Task item: Could you set down the listing below exactly and omit its images?

Data excerpt:

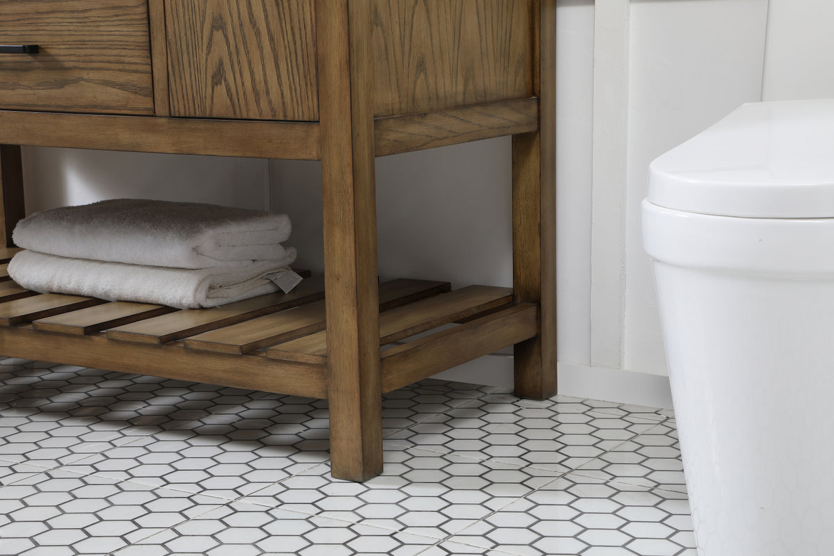 Make the most of your space with this farmhouse style bathroom vanity. Complements well with its beautiful finish, carrara white marble countertop, and the contemporary slender handle bar that sits on the functional drawers with soft closing mechanism, allowing you to store an assortment of bathroom essentials. The lower shelf makes it the perfect space to hold new towels for your guests. This stylish vanity ensures both form and function in your bathroom for you and your guests.
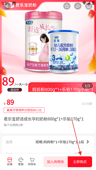 3、在奶粉商品列表页面,选择想要购买的商品进入商品详情页面。
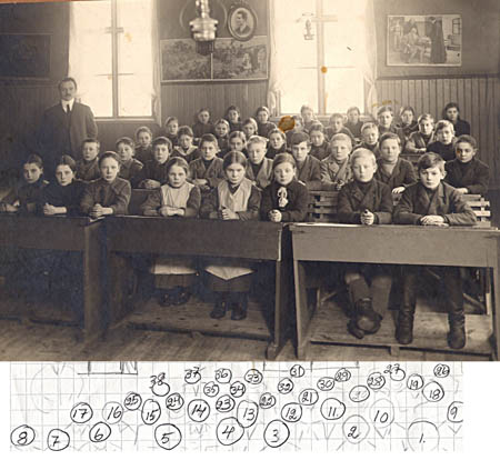 Vassor högre folkskola 1922. 1. Arvid Sandén, 2. Arvid Lundberg, 3. Berta Lundberg g. Österblad, 4. Alva Nykvist g. Herrgård, 5 Elna Heir g. Öman, 6. Sylvia Dahlberg g. Wasberg, 7. Agnes Udd g. Wasberg, 8. Ej Vassorbo, bodde i ”Strand-Maris” stuga, 9. Oskar Öman, 10. Ernst Hellman, 11. Robert Östman, 12. Alfred Vikman, 13. Arne Wik, 14. Rafael Åberg, 15. Georg Wallén, 16. Uno Wik, 17. Artur Wik (Nygols), 18. Edvin Wallén, 19. Evert Hinders, 20. Runar Dahlberg, 21. Maria Sandvik, 22. Astrid Udd, 23. Elna Enroth, 24 Signe Beijar, 25. Sigrid Heir, 26. Fanny Frantz g. Strand, 27. Ingrid Udd g. Rabb, 28. Evald Wik, 29. Ester Storbacka, 30. Albin Strandberg, 31. Elna Wik, 32. ?, 33. Signe Enroth g. Rönnberg, 34. Agda Norrgran g. Wik. 35. Ingrid Östman g. Åberg, 36. Helga Örnberg g. Hinders, 37. Sylvia Beijar, 38. Rut Örnberg.

Answer section:
 Make the most of your space with this farmhouse style bathroom vanity. Complements well with its beautiful finish, carrara white marble countertop, and the contemporary slender handle bar that sits on the functional drawers with soft closing mechanism, allowing you to store an assortment of bathroom essentials. The lower shelf makes it the perfect space to hold new towels for your guests. This stylish vanity ensures both form and function in your bathroom for you and your guests.
 3、在奶粉商品列表页面,选择想要购买的商品进入商品详情页面。
 Vassor högre folkskola 1922. 1. Arvid Sandén, 2. Arvid Lundberg, 3. Berta Lundberg g. Österblad, 4. Alva Nykvist g. Herrgård, 5 Elna Heir g. Öman, 6. Sylvia Dahlberg g. Wasberg, 7. Agnes Udd g. Wasberg, 8. Ej Vassorbo, bodde i ”Strand-Maris” stuga, 9. Oskar Öman, 10. Ernst Hellman, 11. Robert Östman, 12. Alfred Vikman, 13. Arne Wik, 14. Rafael Åberg, 15. Georg Wallén, 16. Uno Wik, 17. Artur Wik (Nygols), 18. Edvin Wallén, 19. Evert Hinders, 20. Runar Dahlberg, 21. Maria Sandvik, 22. Astrid Udd, 23. Elna Enroth, 24 Signe Beijar, 25. Sigrid Heir, 26. Fanny Frantz g. Strand, 27. Ingrid Udd g. Rabb, 28. Evald Wik, 29. Ester Storbacka, 30. Albin Strandberg, 31. Elna Wik, 32. ?, 33. Signe Enroth g. Rönnberg, 34. Agda Norrgran g. Wik. 35. Ingrid Östman g. Åberg, 36. Helga Örnberg g. Hinders, 37. Sylvia Beijar, 38. Rut Örnberg.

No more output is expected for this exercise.